■ WHAT IS NEEDED
For the material below, reproduce exactly each line from the one that has "此外,2024年8月19日,公司初期雨水" through the one that has "中场三人组则是博格巴、B费、", and no others; pictures stay out.

··· DATA TO USE ···

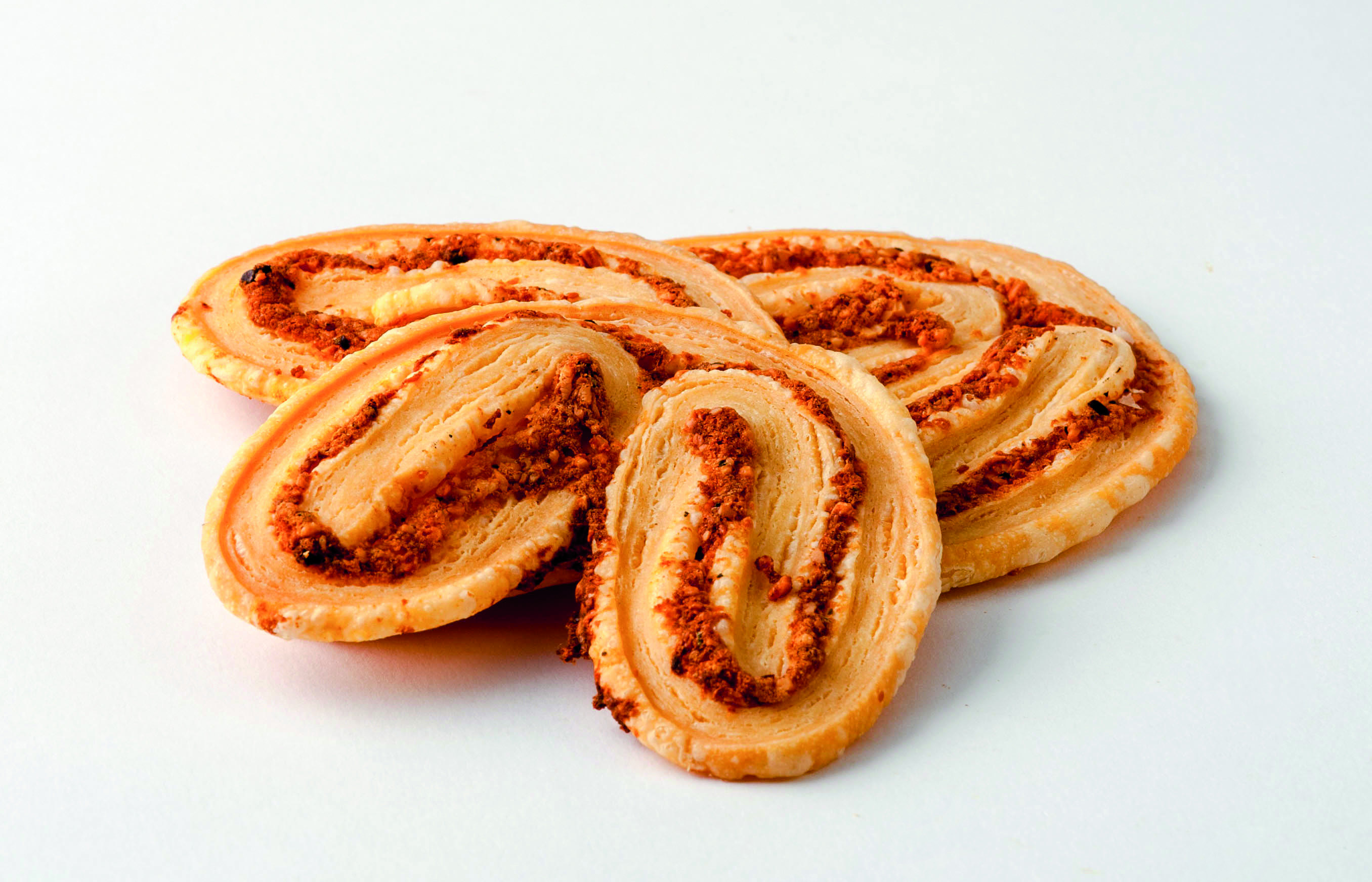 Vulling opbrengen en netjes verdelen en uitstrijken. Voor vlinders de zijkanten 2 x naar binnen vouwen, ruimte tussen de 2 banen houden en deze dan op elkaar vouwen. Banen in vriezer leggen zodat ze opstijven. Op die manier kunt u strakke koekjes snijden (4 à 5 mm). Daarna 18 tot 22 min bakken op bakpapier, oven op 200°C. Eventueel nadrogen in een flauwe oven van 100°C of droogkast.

···
··· DATA TO USE ···

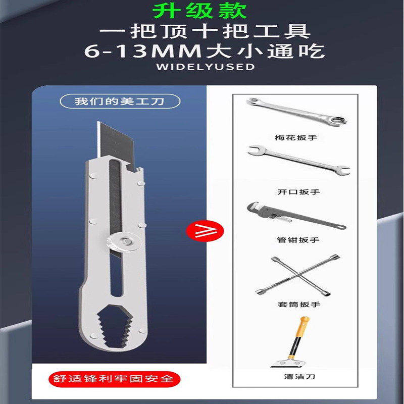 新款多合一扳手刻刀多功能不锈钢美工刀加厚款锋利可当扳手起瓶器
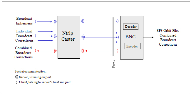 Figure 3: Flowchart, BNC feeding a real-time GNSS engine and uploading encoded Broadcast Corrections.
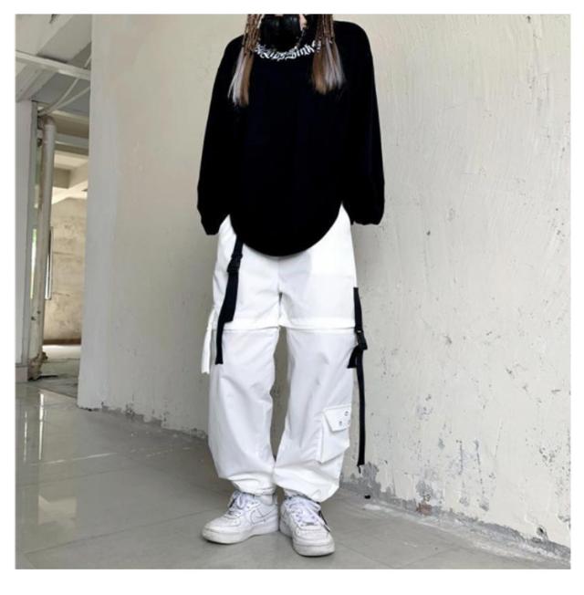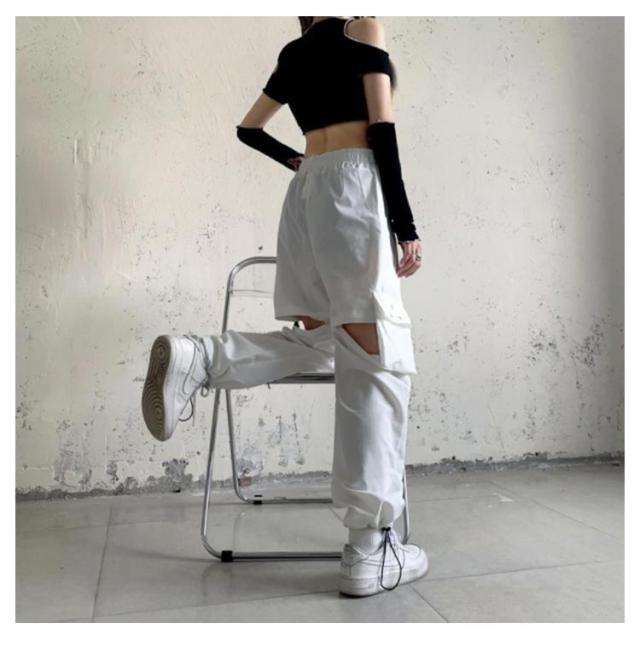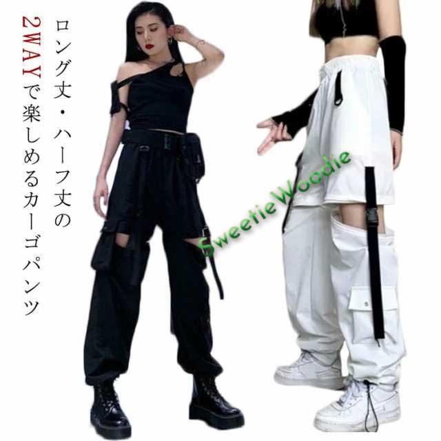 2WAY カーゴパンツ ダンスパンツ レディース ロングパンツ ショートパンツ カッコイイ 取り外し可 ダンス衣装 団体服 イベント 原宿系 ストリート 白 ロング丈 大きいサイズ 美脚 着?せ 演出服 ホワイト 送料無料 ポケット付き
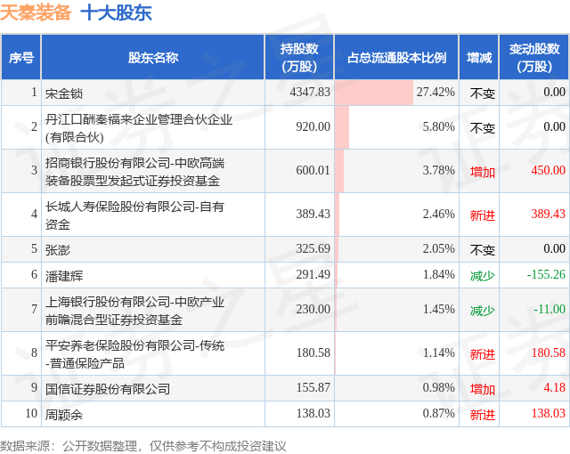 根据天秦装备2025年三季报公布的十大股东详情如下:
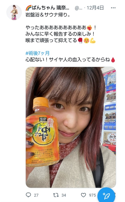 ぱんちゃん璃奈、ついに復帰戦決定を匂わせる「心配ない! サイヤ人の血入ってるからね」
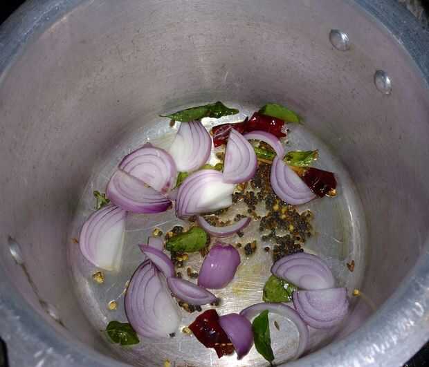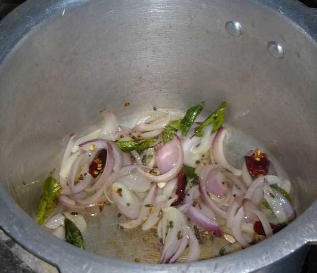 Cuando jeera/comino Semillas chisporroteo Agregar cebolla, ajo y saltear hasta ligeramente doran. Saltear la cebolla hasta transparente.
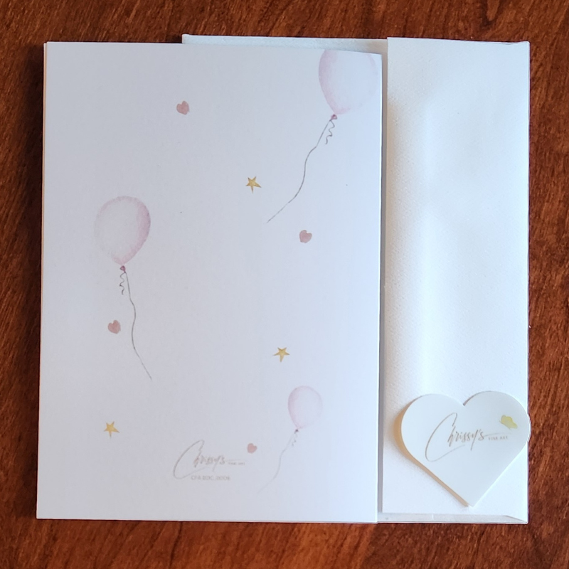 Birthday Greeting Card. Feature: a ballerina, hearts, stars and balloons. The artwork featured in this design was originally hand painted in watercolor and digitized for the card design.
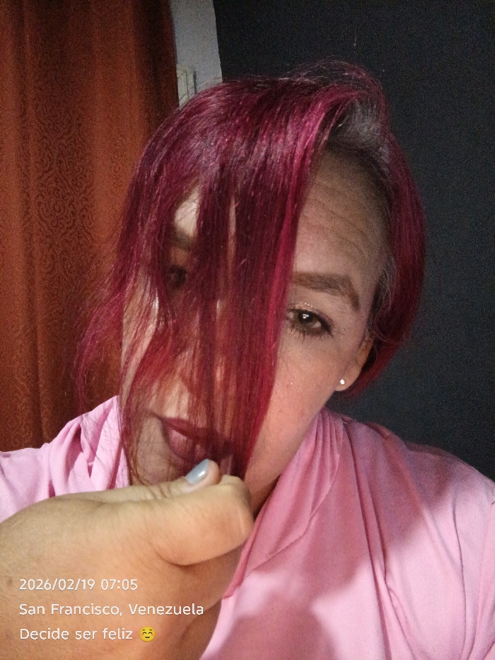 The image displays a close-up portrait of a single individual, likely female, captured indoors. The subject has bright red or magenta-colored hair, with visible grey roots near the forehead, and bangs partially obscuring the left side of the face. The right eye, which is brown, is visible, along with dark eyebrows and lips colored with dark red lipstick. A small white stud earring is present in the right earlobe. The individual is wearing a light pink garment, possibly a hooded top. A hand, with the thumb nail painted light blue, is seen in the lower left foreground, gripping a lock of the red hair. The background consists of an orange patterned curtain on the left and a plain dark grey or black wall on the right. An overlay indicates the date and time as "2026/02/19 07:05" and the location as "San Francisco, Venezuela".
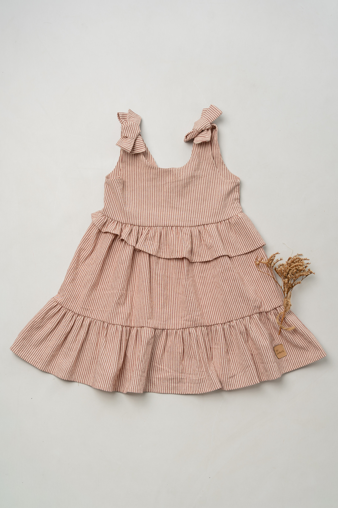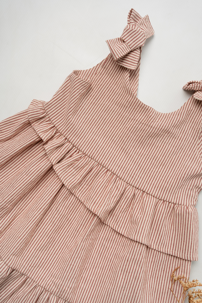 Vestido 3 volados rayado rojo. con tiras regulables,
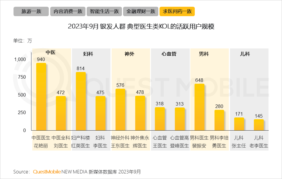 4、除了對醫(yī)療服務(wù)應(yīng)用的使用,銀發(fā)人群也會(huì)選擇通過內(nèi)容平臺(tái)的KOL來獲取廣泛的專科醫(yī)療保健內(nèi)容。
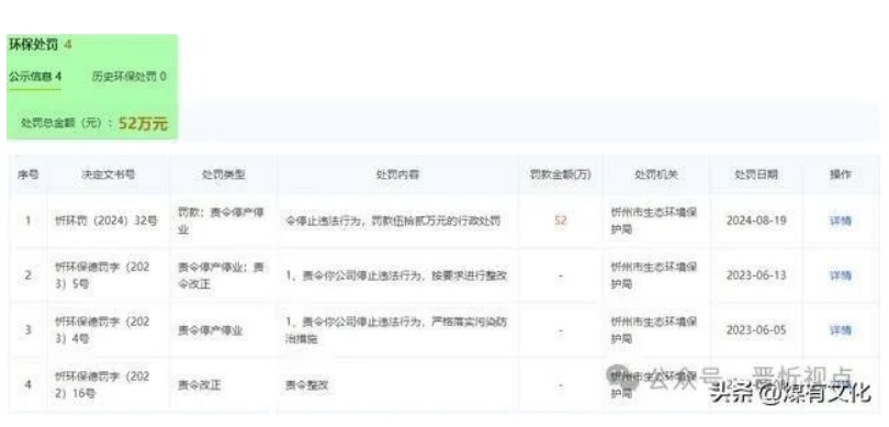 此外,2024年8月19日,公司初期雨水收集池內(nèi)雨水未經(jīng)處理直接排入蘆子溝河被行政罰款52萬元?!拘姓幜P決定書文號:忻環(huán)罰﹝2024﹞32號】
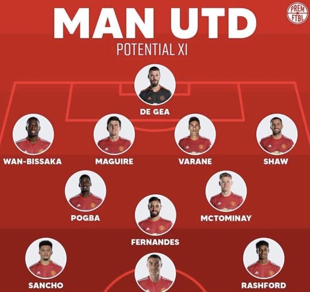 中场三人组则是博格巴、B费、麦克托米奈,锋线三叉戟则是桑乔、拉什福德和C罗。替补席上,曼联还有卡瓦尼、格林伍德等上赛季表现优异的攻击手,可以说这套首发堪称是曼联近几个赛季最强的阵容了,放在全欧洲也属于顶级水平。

···

■ RESPONSE TO THE EXERCISE
 此外,2024年8月19日,公司初期雨水收集池內(nèi)雨水未經(jīng)處理直接排入蘆子溝河被行政罰款52萬元?!拘姓幜P決定書文號:忻環(huán)罰﹝2024﹞32號】
 中场三人组则是博格巴、B费、麦克托米奈,锋线三叉戟则是桑乔、拉什福德和C罗。替补席上,曼联还有卡瓦尼、格林伍德等上赛季表现优异的攻击手,可以说这套首发堪称是曼联近几个赛季最强的阵容了,放在全欧洲也属于顶级水平。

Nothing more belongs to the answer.